What the exercise asks - Below, locate the line that contains "Examining the Intricacy". Repeat exactly from that line to the line that contains "To open command", inclusive, leaving out the pictures.
*** Input ***
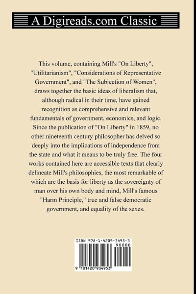 This volume, containing Mill's "On Liberty", "Utilitarianism", "Considerations of Representative Government", and "The Subjection of Women", draws together the basic ideas of liberalism that, although radical in their time, have gained recognition as comprehensive and relevant fundamentals of government, economics, and logic. Since the publication of "On Liberty" in 1859, no other nineteenth century philosopher has delved so deeply into the implications of independence from the state and what it means to be truly free. The four works contained here are accessible texts that clearly delineate Mill's philosophies, the most remarkable of which are the basis for liberty as the sovereignty of man over his own body and mind, Mill's famous "Harm Principle," true and false democratic government, and equality of the sexes.
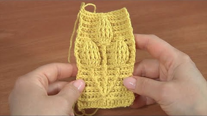 Вязание крючком узора с нежными 3Д листиками Урок 20
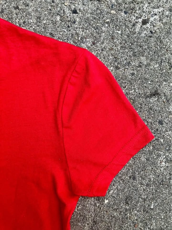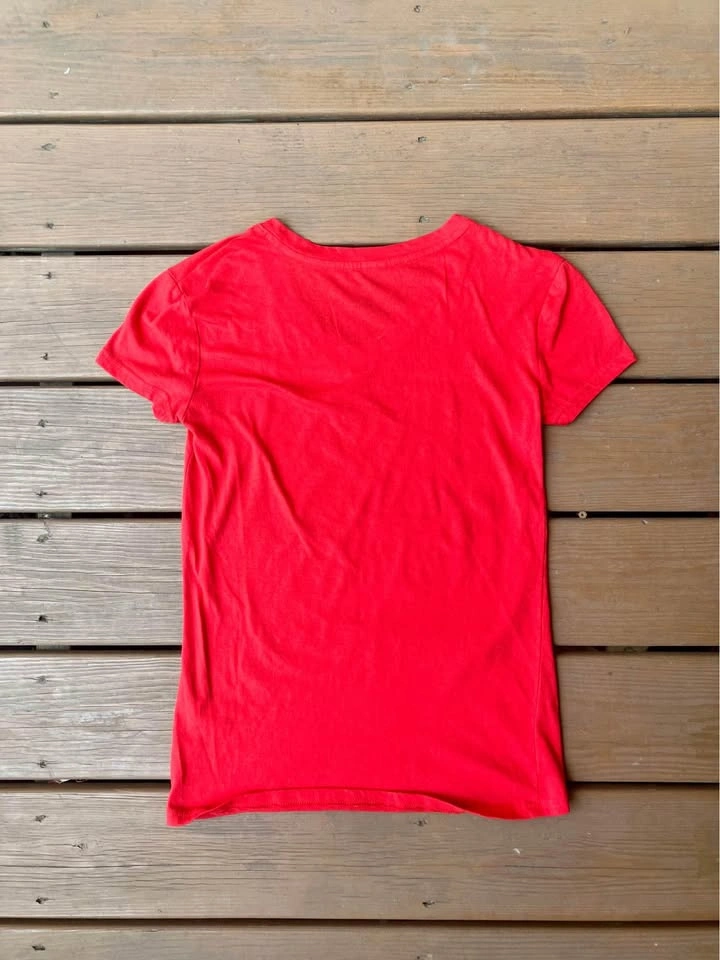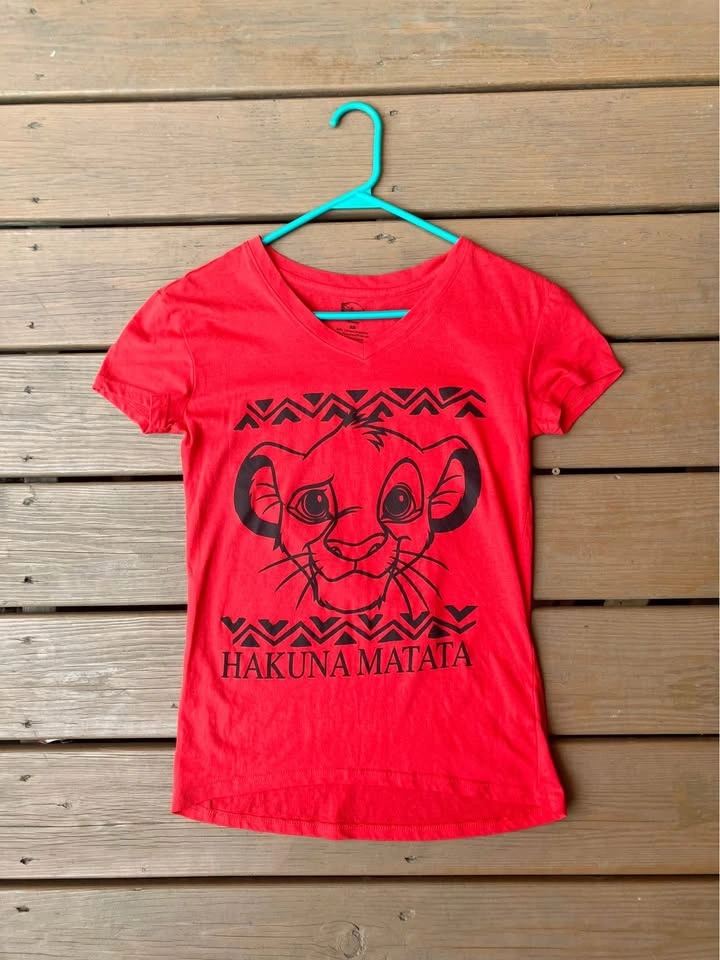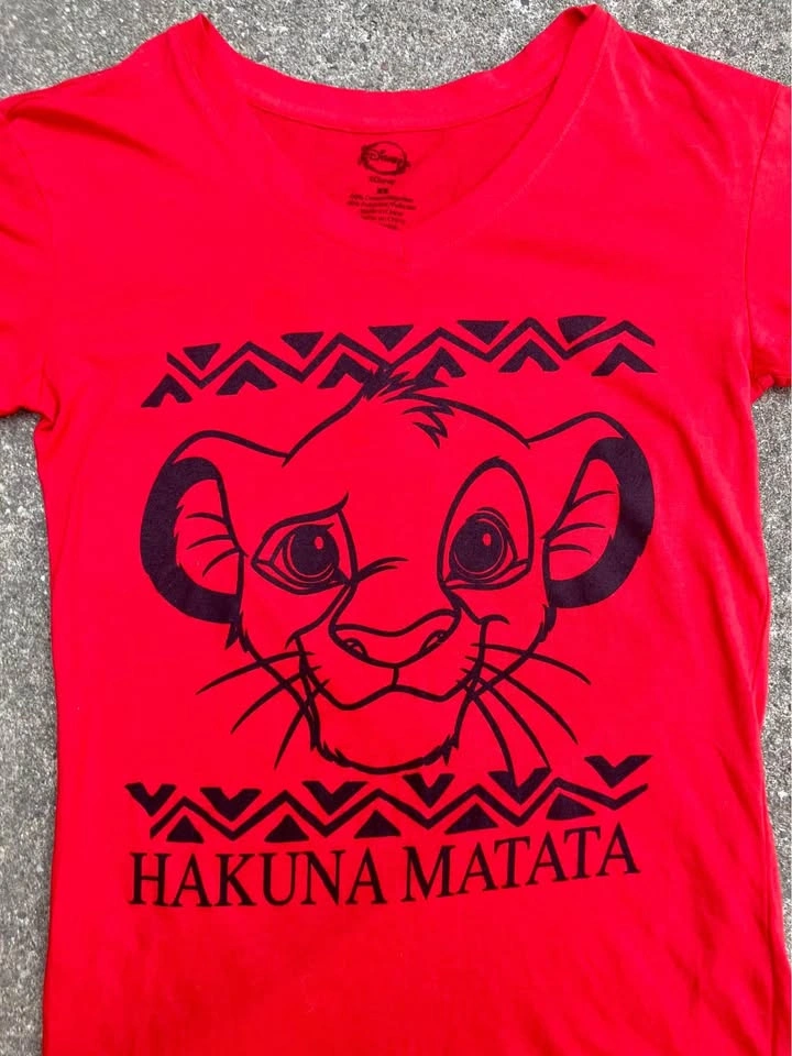 Red “Hakuna Matata” cap sleeve tee from the Lion King. It’s an adult size XS worn once, in like new condition. 60% cotton and 40% polyester construction. When laid flat, shirt measures 25” from top of shoulder to waist and is 16” across under the arms. From a smoke and pet free home. Check out in person before purchasing. Thanks for looking.
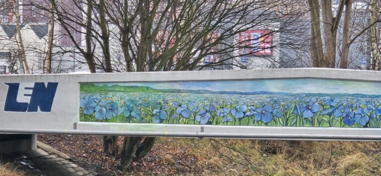 Dzieło na moście to nie tylko ozdoba przestrzeni publicznej, ale przede wszystkim hołd dla tradycji miasta – dla niebieskich łąk lnu, które niegdyś definiowały tożsamość Kamiennej Góry.
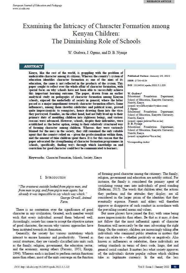 Examining the Intricacy of Character Formation among Kenyan Children: The Diminishing Role of Schools
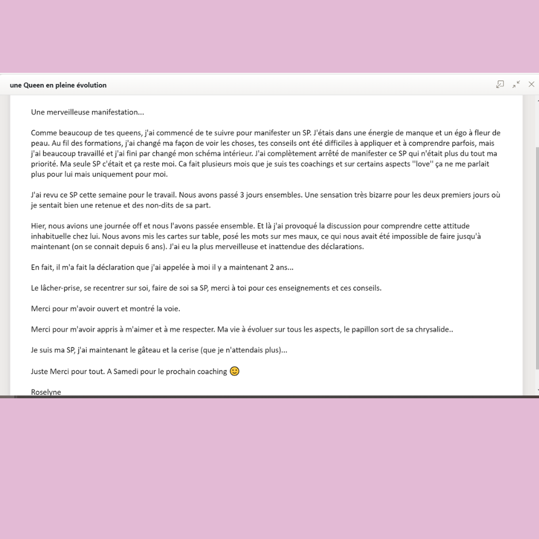 j'ai accompagné des centaines de femmes à manifester l'amour & leur personne spécifique et c'est possible pour vous aussi grâce à mon approche unique.
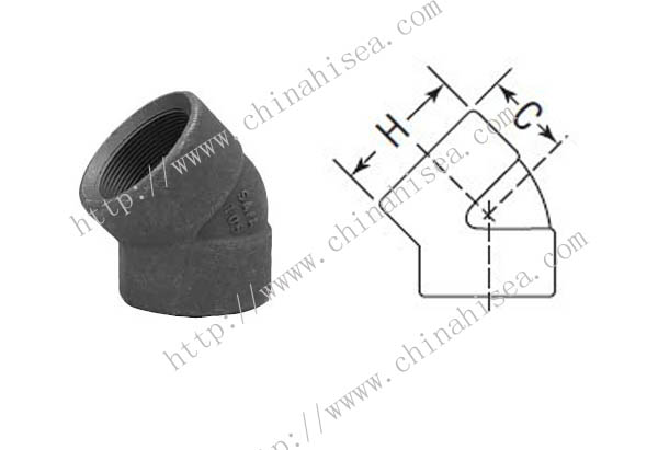 | Forged steel 45° elbow | NPS 1/8-4; DN 6-100 | ASME/ANSI, DIN, JIS, GOST, etc. | Class 2000 | Threaded | Petrochemical, construction, water supply&drainage, light&heavy industry, frozen processing, sanitary, plumbing, fire protection, electric power, aerospace, shipbuilding |
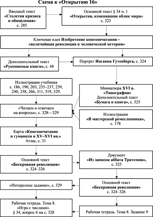 Теперь попробуем схематично представить траекторию использования учебника на данном уроке (Схема 2. К открытию 16).
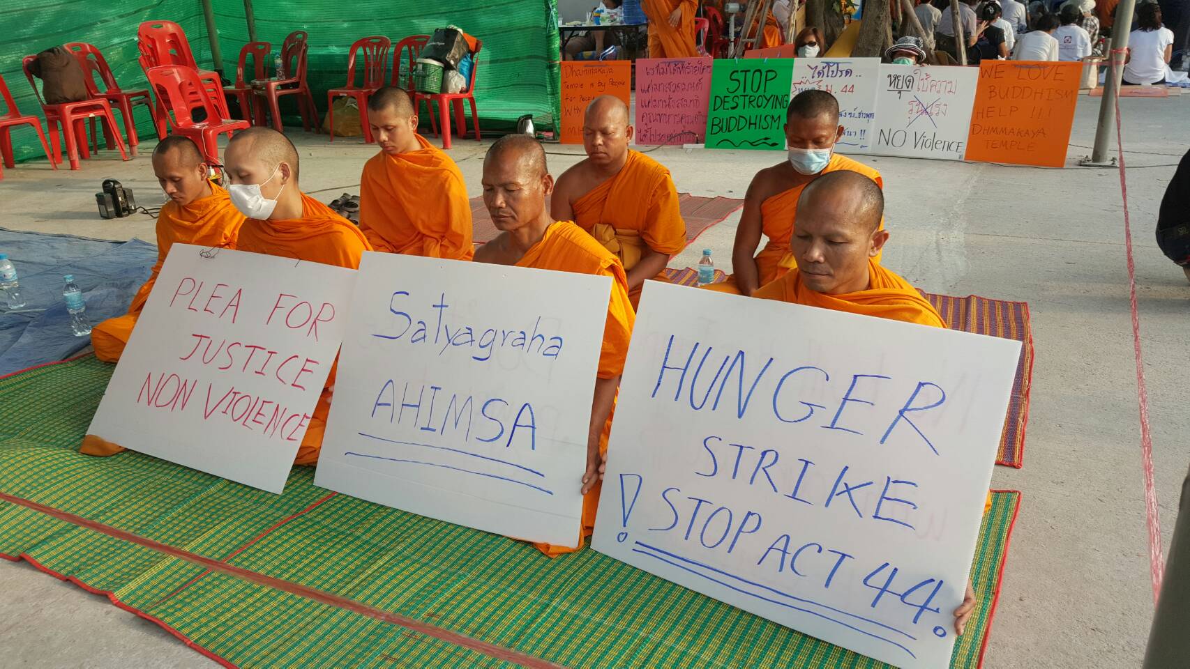 ขณะเดียวกันก็มีพระสงฆ์ 7 รูป ที่้อ้างว่ามาจากภาคเหนือและภาคตะวันออกเฉียงเหนือ เดินทางมานั่งสมาธิและประกาศอดอาหารเพื่อแสดงจุดยืนตั้งแต่เวลา 16 นาฬิกาที่ผ่านมา เพื่อกดดันเจ้าหน้าที่รัฐยกเลิกการใช้มาตรา 44 ควบคุมพื้นที่ และจะอดอาหารไปจนกว่าจะมีการยกเลิก
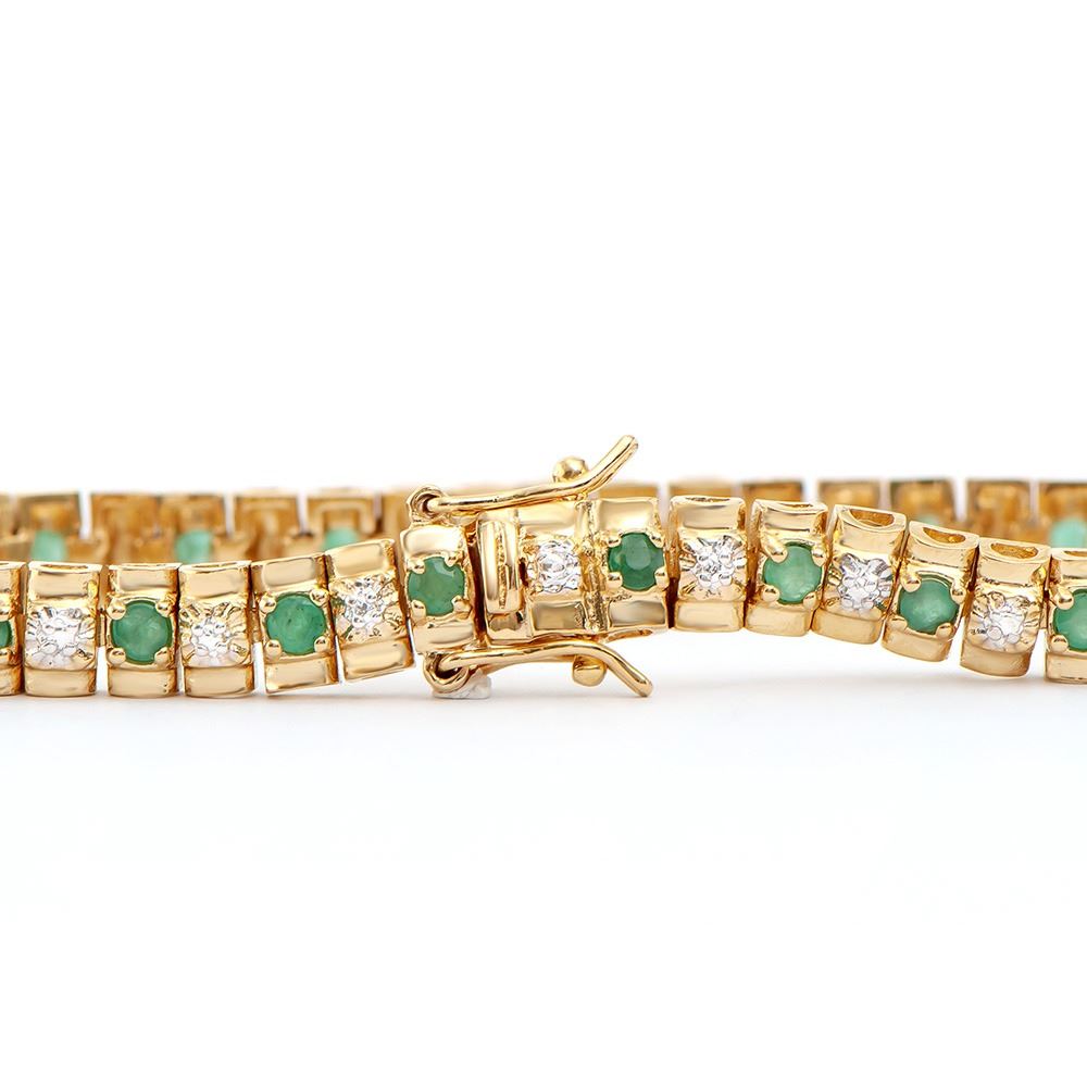 One Plated 18KT Yellow Gold 1.80ctw Emerald and Diamond Bracelet. (27) Emerald stones with a total weight of 1.80cts. Diamonds with a total weight of 0.015cts with a color of I-J and clarity of I-3. Total weight of 14.25 grams of brass layered with 18K yellow gold. The length of this bracelet is 7 1/2 inches.
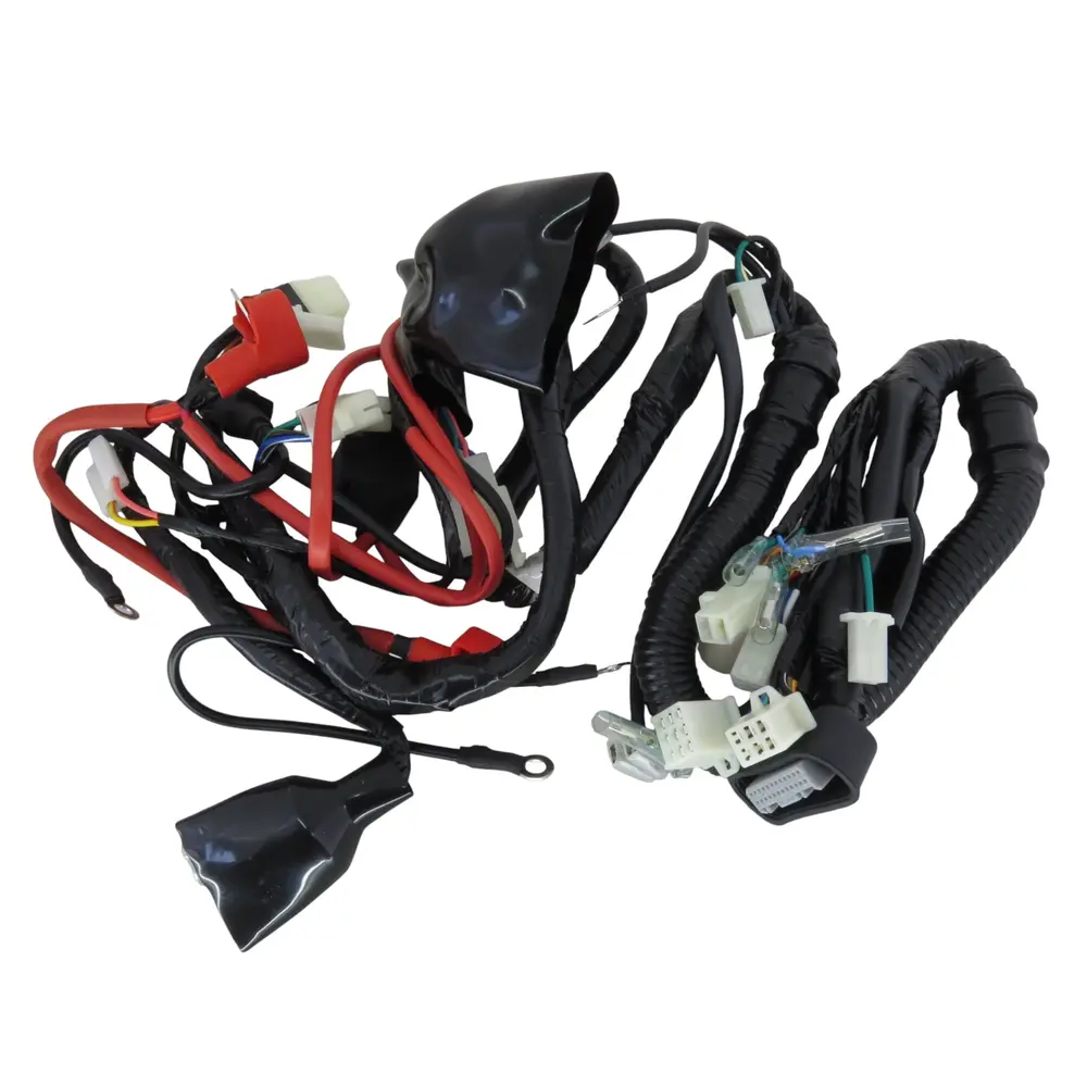 - Повна комплектація: Включає в себе всі необхідні електричні гілки та роз'єми для підключення системи запалювання, освітлення (передні фари, задні ліхтарі, поворотники), гальмівних ліхтарів, звукового сигналу, датчиків, акумулятора, стартера, генератора та приладової панелі.
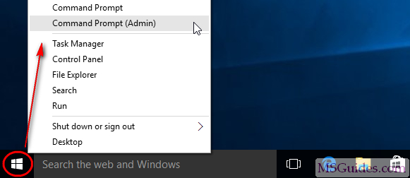 To open command prompt, right-click on the Windows button then select Command prompt (Admin)line.
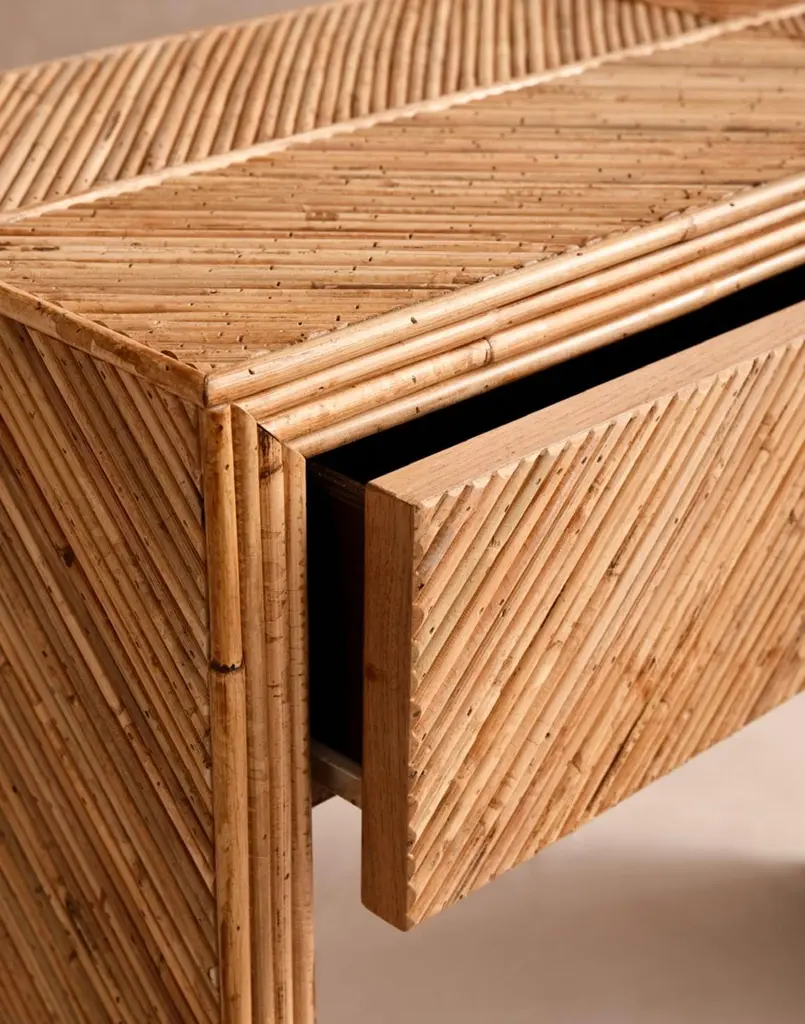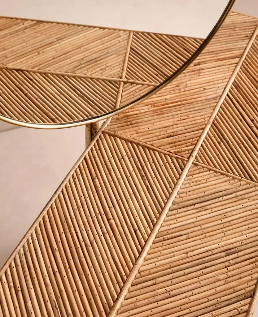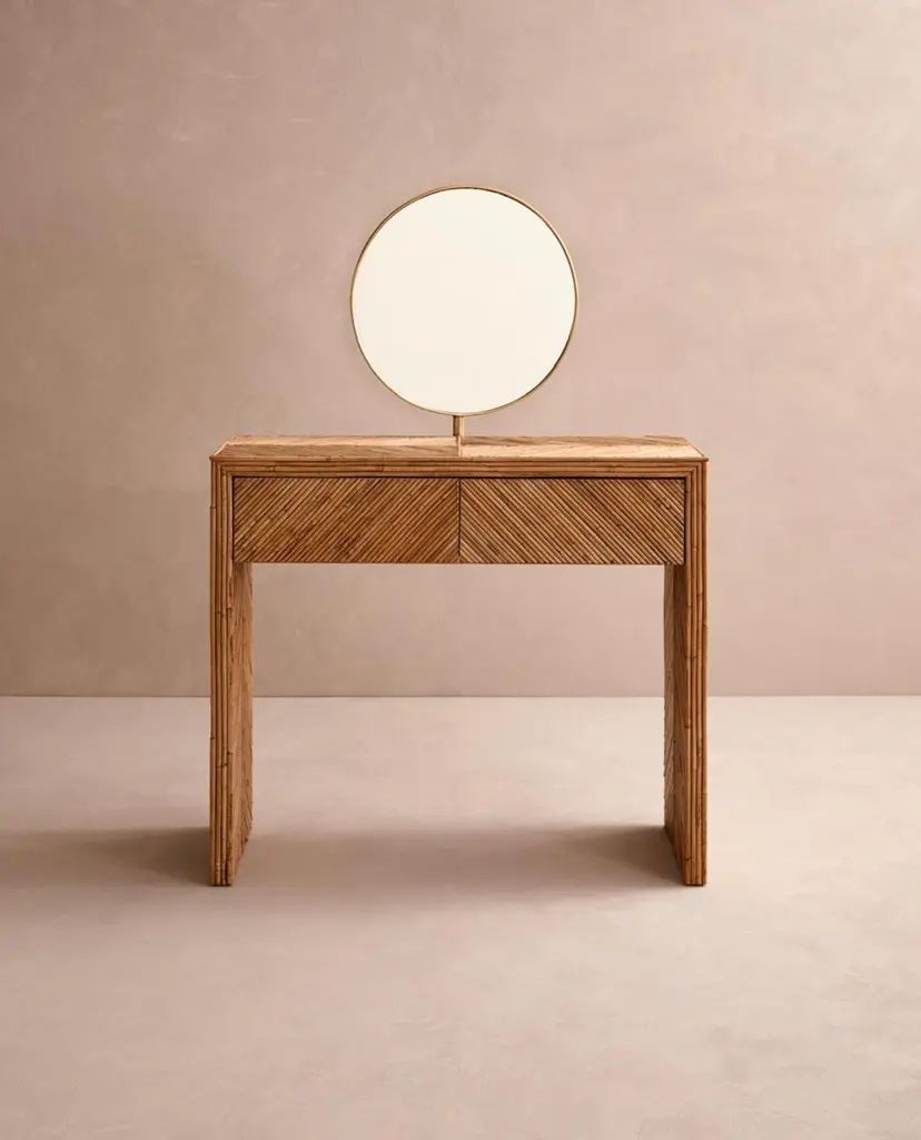 Chic bamboo vanity crafted in Italy. Quality seen in the photos. The mirror is brass. There is a drawer in the front. Perfect entry table or room/bathroom vanity. In the manner of Gabriella Crespi.Same era as: Charlotte Perriand, Jean Prouve, Pierre Pauline, Serge Mouille, Jacques Adnet, Jean Royere, Roger Tallon, Michel Buffet, Pierre Guariche, Le Corbusier, Gio Ponti, Franco Albini, Carlo Mollino, Guglielmo Ulrich, Jo Colombo, Ettore Sottsass, Marco Zanuso, Osvaldo Borsani, Ico Parisi, Charles and Ray Eames, George Nelson, Eero Saarinen, Florence Knoll, Isamu Noguchi, Harry Bertoia, Paul Mccobb, Edward Wormley, Vladimir Kagan, Milo Baughman
*** End of Input ***
Response for this exercise -
 Examining the Intricacy of Character Formation among Kenyan Children: The Diminishing Role of Schools
 j'ai accompagné des centaines de femmes à manifester l'amour & leur personne spécifique et c'est possible pour vous aussi grâce à mon approche unique.
 | Forged steel 45° elbow | NPS 1/8-4; DN 6-100 | ASME/ANSI, DIN, JIS, GOST, etc. | Class 2000 | Threaded | Petrochemical, construction, water supply&drainage, light&heavy industry, frozen processing, sanitary, plumbing, fire protection, electric power, aerospace, shipbuilding |
 Теперь попробуем схематично представить траекторию использования учебника на данном уроке (Схема 2. К открытию 16).
 ขณะเดียวกันก็มีพระสงฆ์ 7 รูป ที่้อ้างว่ามาจากภาคเหนือและภาคตะวันออกเฉียงเหนือ เดินทางมานั่งสมาธิและประกาศอดอาหารเพื่อแสดงจุดยืนตั้งแต่เวลา 16 นาฬิกาที่ผ่านมา เพื่อกดดันเจ้าหน้าที่รัฐยกเลิกการใช้มาตรา 44 ควบคุมพื้นที่ และจะอดอาหารไปจนกว่าจะมีการยกเลิก
 One Plated 18KT Yellow Gold 1.80ctw Emerald and Diamond Bracelet. (27) Emerald stones with a total weight of 1.80cts. Diamonds with a total weight of 0.015cts with a color of I-J and clarity of I-3. Total weight of 14.25 grams of brass layered with 18K yellow gold. The length of this bracelet is 7 1/2 inches.
 - Повна комплектація: Включає в себе всі необхідні електричні гілки та роз'єми для підключення системи запалювання, освітлення (передні фари, задні ліхтарі, поворотники), гальмівних ліхтарів, звукового сигналу, датчиків, акумулятора, стартера, генератора та приладової панелі.
 To open command prompt, right-click on the Windows button then select Command prompt (Admin)line.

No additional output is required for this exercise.